WASHINGTON – To earn their state-mandated service hours, Maryland students have designed school recycling programs, volunteered at animal shelters and helped the homeless.
And in Kent County, they wiped off desks and swept floors after school.
Unlike their peers across the state, one-third of Chestertown Middle School’s eighth-grade students earned 40 of the required 75 service-learning hours this year by helping custodians for two hours after school a few days each week.
Wayne Bedwell started the program in 2002 after he overheard two guidance counselors say they were worried that students were entering high school without any hours to their credit.
“I disagree with service-learning hours,” said Bedwell, the head custodian at Chestertown Middle. “But these are 11- and 12-year-old students, and if I can help them, I’m going to help them.”
But critics question whether the program meets service-learning standards that Maryland students have been required to fulfill for nearly 12 years.
Maryland students must earn 75 service-learning hours to graduate — the only statewide policy in the nation. Officials say service-learning is different from community service because it must relate to what students are learning in the classroom.
That is why most service-learning coordinators in the state balked at the Chestertown program.
“Essentially it comes down to this: The service-learning . . . is intended to benefit the community,” said Joshua Fradel, the service coordinator for Worcester County. “Not that the community can’t be the school, but the key is, how do we know that’s a need?”

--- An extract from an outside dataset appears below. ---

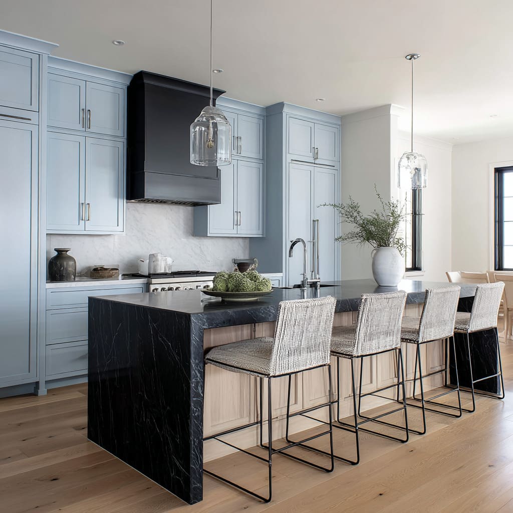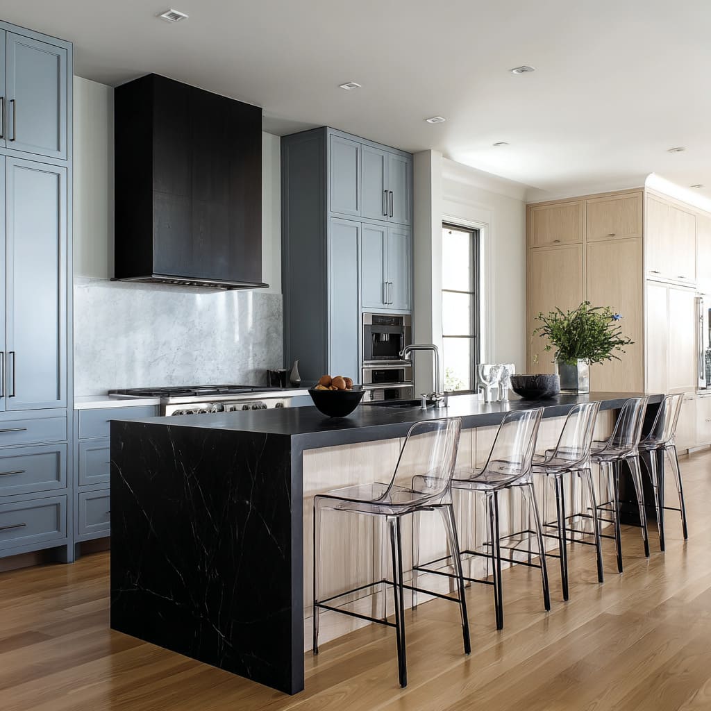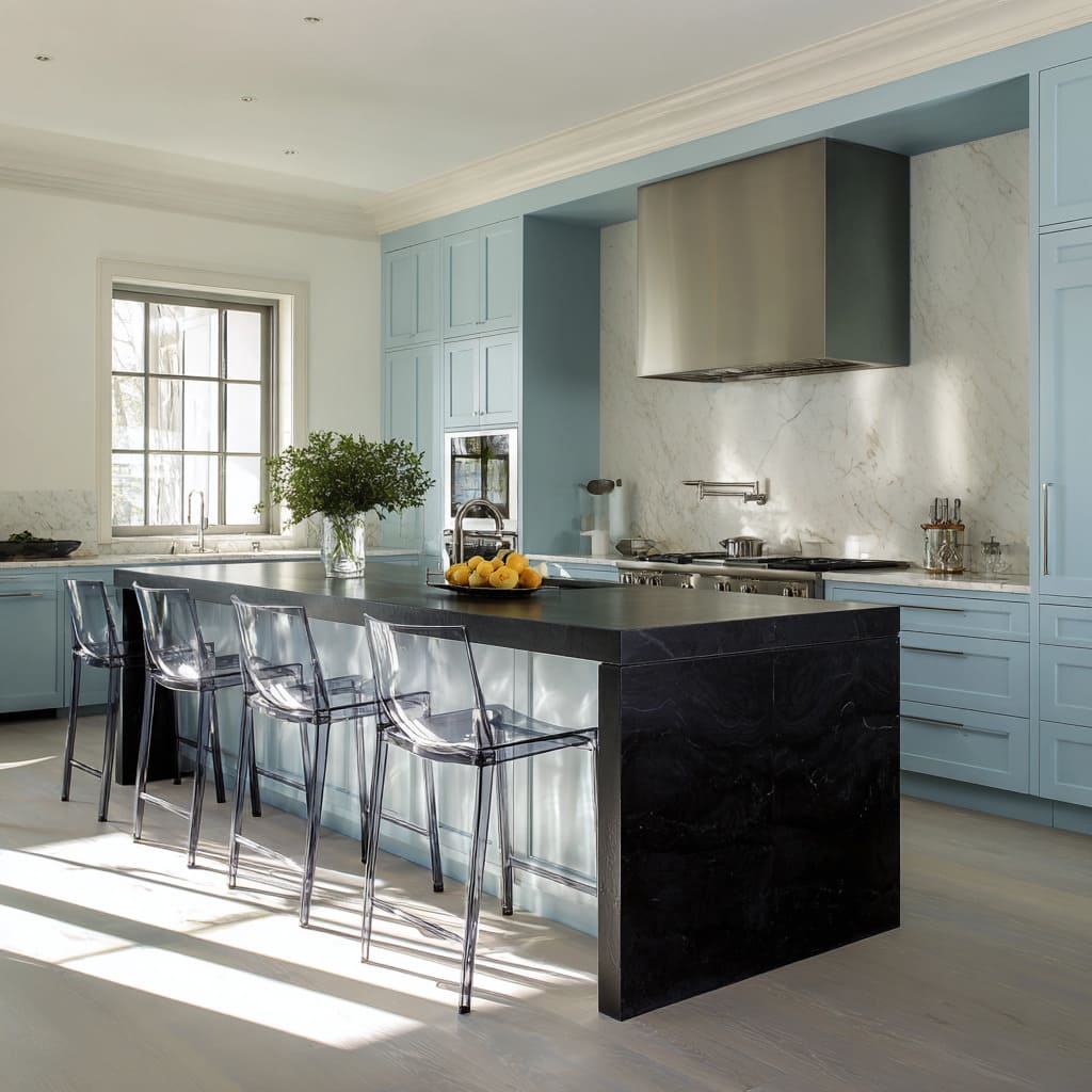 Pale blue kitchen design with graphite island and clear acrylic stools letting light stripe the dark island face with airy silhouettes

But the executive director of the Maryland Student Service Alliance, which oversees service-learning for the state, said the program counts if students are learning about the custodian’s job and respect for the school. Luke Frazier noted that similar programs based on the school community have existed before.
“There are a lot of ways to define service-learning,” Frazier said.
“Honestly and candidly, there are better service-learning projects that may extend out in the community,” he said. “But I can’t fault a school, especially a middle school that might have problems with transportation, for trying to create something that links together service and character.”
The state provides broad guidelines, but leaves most decisions up to local officials, Frazier said.
But most local coordinators still expressed reservations, including a fear that labor unions would oppose a program in which a volunteer does the work of a paid employee.
“State guidelines indicate we cannot use students to do what other people are paid to do,” said Daniel Savoy, the Wicomico County coordinator.
But Bedwell said his local union — which he heads — sees no conflict.
“We’re talking about 11- and 12-year-old children,” he said. “They’re not taking anybody’s job. How can an 11- and 12-year-old go and take this job? It’s impossible.”
And the Maryland State Teachers Association said it strongly backs Bedwell.
“We’re not looking at it as volunteerism replacing working hours,” said Casey Newton, an MSTA spokeswoman. “It is simply mentoring. It hasn’t been an issue thus far with us, as far as a union background. We’re proud of Wayne’s initiative to get involved.”
Bedwell argued that, contrary to what critics say, cleaning the school is a community need.
“Our school reflects on our community so it does tie into the community,” he said. “We have parents and the community come to our school everyday and tell us how beautiful the building is. So it does reflect on the community — big time.”
Not only does it give the children pride in the school but, under Bedwell’s program, students help with small jobs that the “custodians would never get around to doing.”
“They would dust areas we couldn’t get to. They would scrub table tops, wash desks,” he said, adding that the students never handle dangerous chemicals or equipment — not even vacuums.
Some coordinators excused the program, saying smaller counties have to find new opportunities for their students.
Montgomery County coordinator Pam Meador said she would never approve such a program, but could understand if smaller counties were “hard-pressed” for non-profit organizations to work with.
In Somerset County, which has about the same number of students as Kent County, service-learning coordinator Conal Turner said his schools have a similar program designed as vocational training for high school students at the career and technology schools. Students generally do not use it for service-learning hours, but they could.
“They volunteer hours and assist the custodian, and it could be counted toward service-learning hours,” he said.
But critics of Bedwell’s program may not have to worry for long. He said it may not continue next year.
“The kids in the next class are not so enthusiastic,” he said.